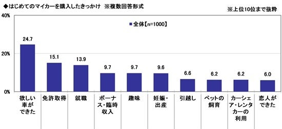 はじめてのマイカーを3年以内に購入した18歳~39歳の男女1,000名に、はじめてのマイカーを購入したきっかけを聞いたところ、「欲しい車ができた」(24.7%)が最も多く、「免許取得」(15.1%)、「就職」(13.9%)、「ボーナス・臨時収入」「趣味」(いずれも9.7%)が続きました。
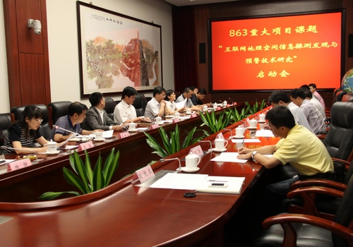 日前,国家高技术研究发展计划(863)重大项目课题“互联网地理空间信息探测发现与预警技术研究”启动会在北京召开。国家测绘地理信息局副局长李朋德出席会议并讲话,科技部国家遥感中心总工程师李加洪、项目责任专家周成虎研究员参加会议。
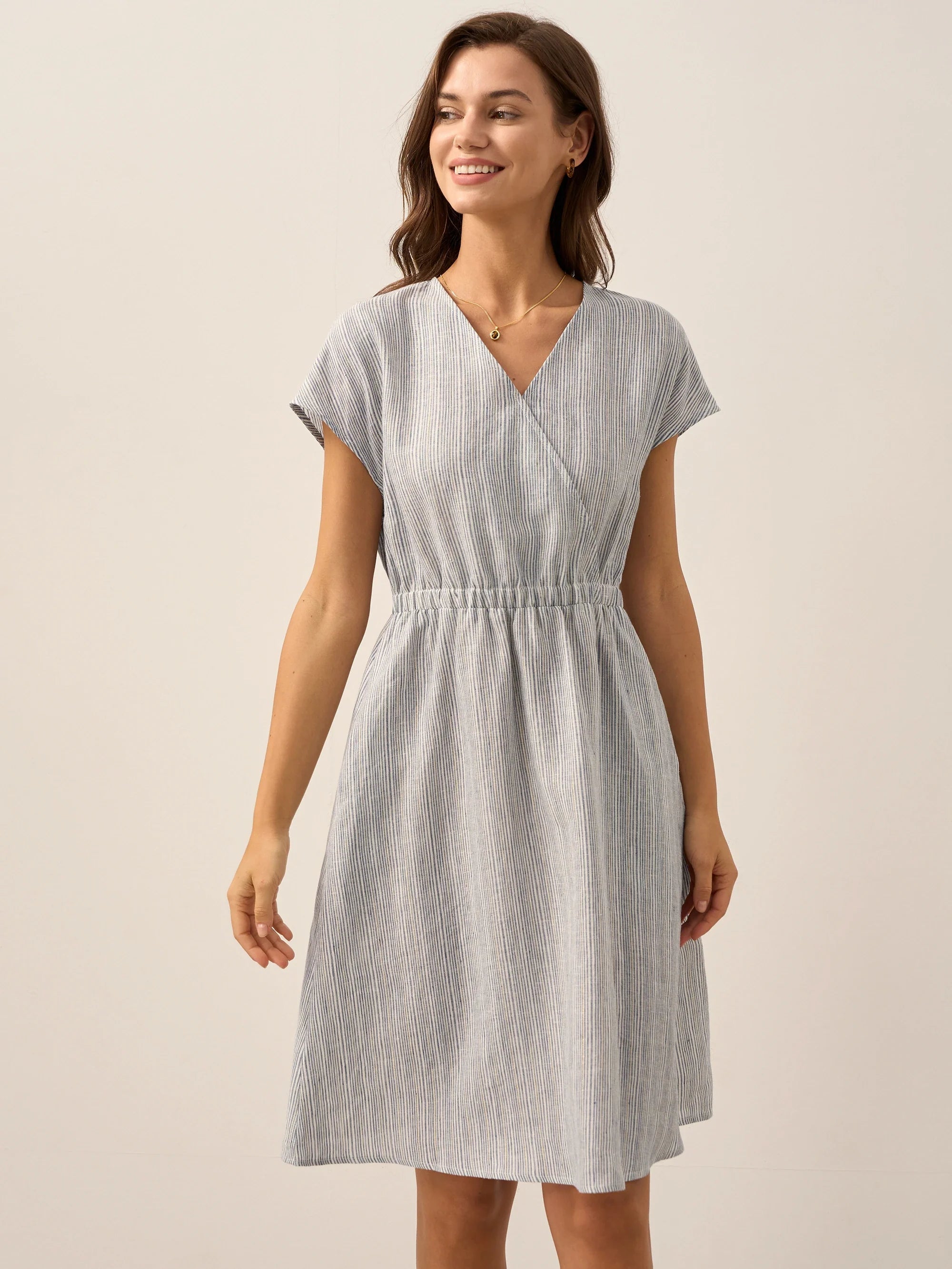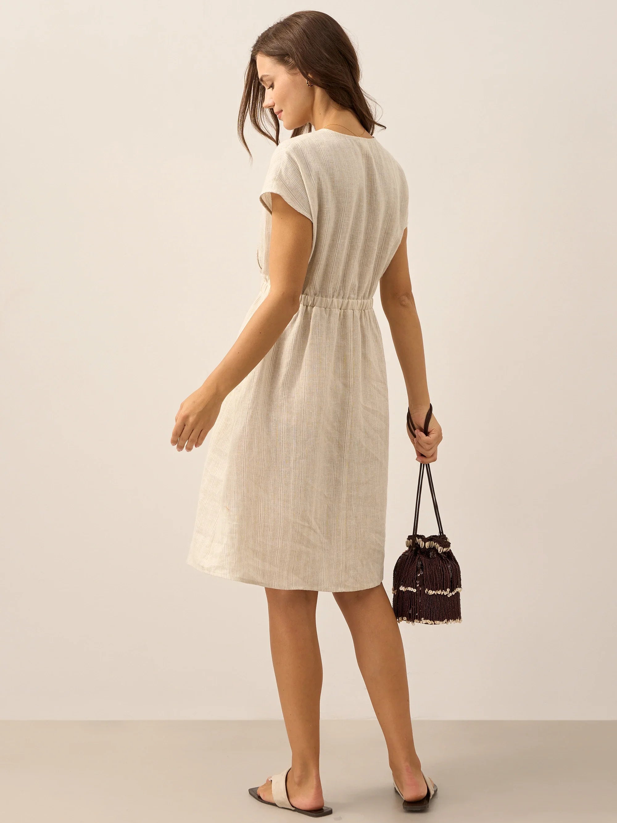100% Linen Striped Elastic-Waist Midi Dress ARIA
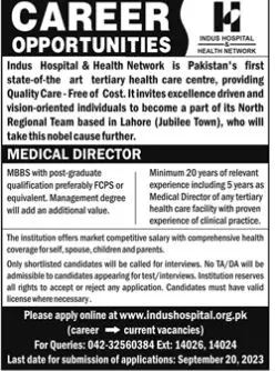 Indus Hospital & Health Network Lahore, lahore Punjab Pakistan invites applications from eligible candidates for the post of medical director as per advertisement of September 10, 2023 published in daily The News Newspaper. Educational qualifications required MBBS etc.
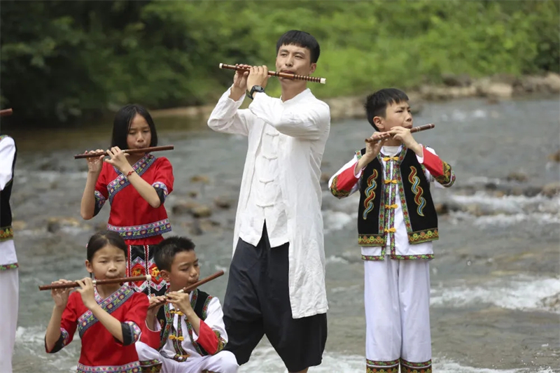 肖惠文(右二)带着竹笛班的孩子们在溪边吹奏。新华社记者 彭昭之 摄

#### About this task:
The result should be an exact retyped version of all the entries above, containing no pictures.

#### Answer for this exercise:
 はじめてのマイカーを3年以内に購入した18歳~39歳の男女1,000名に、はじめてのマイカーを購入したきっかけを聞いたところ、「欲しい車ができた」(24.7%)が最も多く、「免許取得」(15.1%)、「就職」(13.9%)、「ボーナス・臨時収入」「趣味」(いずれも9.7%)が続きました。
 日前,国家高技术研究发展计划(863)重大项目课题“互联网地理空间信息探测发现与预警技术研究”启动会在北京召开。国家测绘地理信息局副局长李朋德出席会议并讲话,科技部国家遥感中心总工程师李加洪、项目责任专家周成虎研究员参加会议。
100% Linen Striped Elastic-Waist Midi Dress ARIA
 Indus Hospital & Health Network Lahore, lahore Punjab Pakistan invites applications from eligible candidates for the post of medical director as per advertisement of September 10, 2023 published in daily The News Newspaper. Educational qualifications required MBBS etc.
 肖惠文(右二)带着竹笛班的孩子们在溪边吹奏。新华社记者 彭昭之 摄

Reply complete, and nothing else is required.